The required answer is the run of lines from the one holding "Verkaufe eine derzeit" to the end of the data below, copied exactly and free of pictures.

_DATA TO USE_.
****************************************
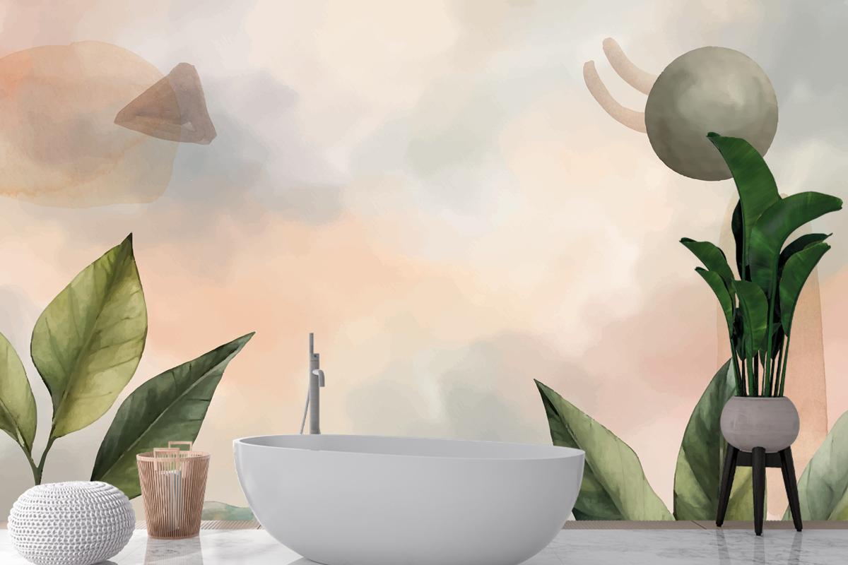 Suluboya Yumuşak Toprak Tonları Banyo Duvar Kağıdı
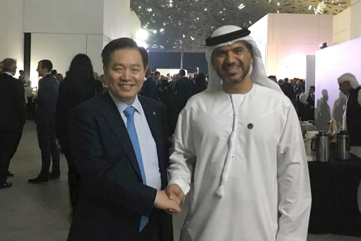 On January 15, during an industry gala held at the Louvre Abu Dhabi for the “2018 Sustainability Week” in Abu Dhabi of UAE, Zhu Gongshan, the President of the Global Solar Council and Chairman of the GCL Group, discussed business, the future, life, and art with Awaidha Murshid Almarar, the Minister of Energy of UAE.
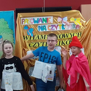 W naszej Szkole Podstawowej 10 lutego 2021 roku odbyło się pasowanie na czytelnika. Impreza ta wpisała się na stałe do kalendarza uroczystości szkolnych. Spotkanie przyjęcia pierwszoklasistów w poczet czytelników było wyjątkowo uroczyste . Uczestniczyli w nim zaproszeni goście: dyrekcja szkoły, wychowawcy, nauczyciele oraz uczniowie klas I-III. Specjalnie na tę okazję przygotowano inscenizację pt. ,, Dziwna przygoda w bibliotece" połączoną ze śpiewem piosenek o tematyce czytelniczej i zimowej. Po pasowaniu na czytelnika każdy uczeń otrzymał w nagrodę wyprawkę czytelniczą ufundowaną przez Instytut Książki w związku z kampanią społeczną ,,Mała książka-wielki człowiek" promującą czytelnictwo i zalety wspólnego rodzinnego czytania dla dziecka od najmłodszych lat.
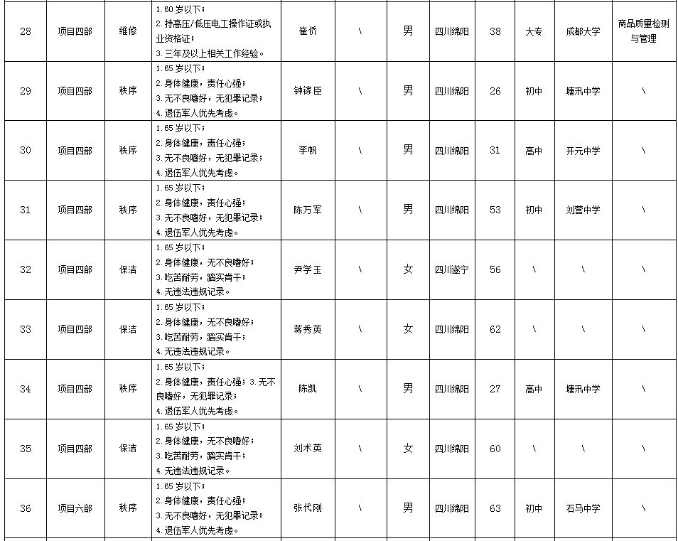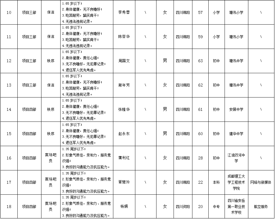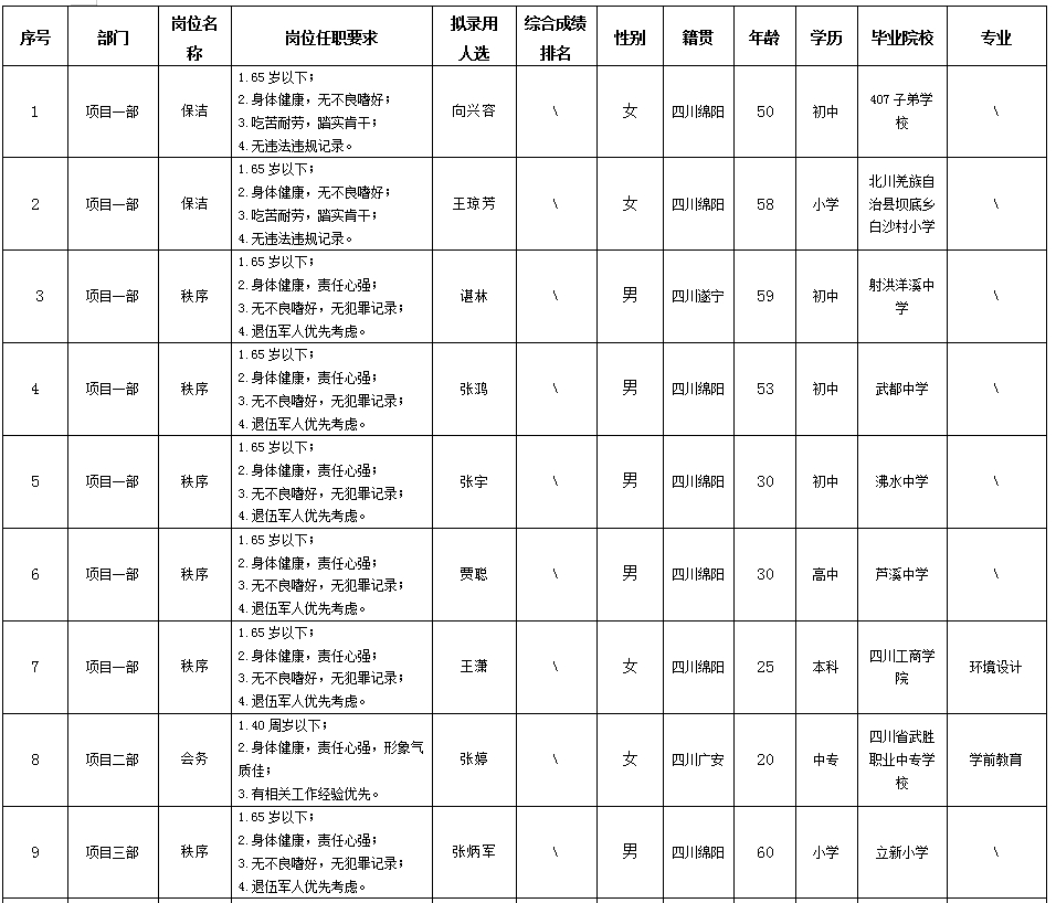 根據(jù)綿陽市康來物業(yè)服務有限公司發(fā)布的招聘公告及招聘相關規(guī)定,經(jīng)面試等程序,擬錄用向興容等同志到各項目部工作,現(xiàn)予以公示,具體情況如下:
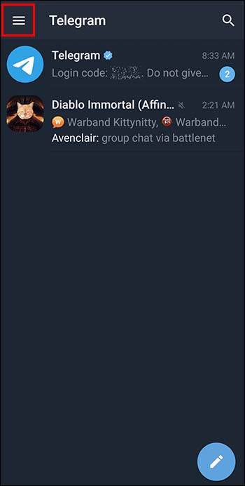 - Inicia la aplicación Telegram y toca las tres líneas apiladas en la esquina superior izquierda.
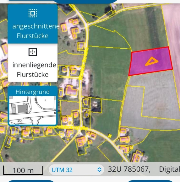 Verkaufe eine derzeit verpachtete landwirtschaftliche Fläche in Roth (83417 Kirchanschöring) Flurstück 1424 im Bild lila markiert. Fläche 5640 m2
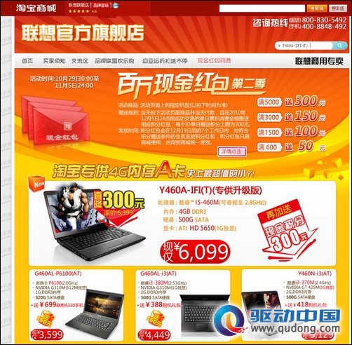 联想淘宝官方旗舰店开展了主题为“联想促销超给力,淘宝红包送不停”的暖心促销活动:从10月29日起,只要在联想官方旗舰店(http://lenovo.taobao.com)购买指定型号的联想ideapad Y460、联想G460系列等产品,不仅能享受到你无法抗拒的超值低价,更有让你心动的“全民疯狂大红包”大派送,还有机会拿到联想手机、联想旗舰大礼包等诸多好礼。
****************************************
_YOUR RESPONSE_.
 Verkaufe eine derzeit verpachtete landwirtschaftliche Fläche in Roth (83417 Kirchanschöring) Flurstück 1424 im Bild lila markiert. Fläche 5640 m2
 联想淘宝官方旗舰店开展了主题为“联想促销超给力,淘宝红包送不停”的暖心促销活动:从10月29日起,只要在联想官方旗舰店(http://lenovo.taobao.com)购买指定型号的联想ideapad Y460、联想G460系列等产品,不仅能享受到你无法抗拒的超值低价,更有让你心动的“全民疯狂大红包”大派送,还有机会拿到联想手机、联想旗舰大礼包等诸多好礼。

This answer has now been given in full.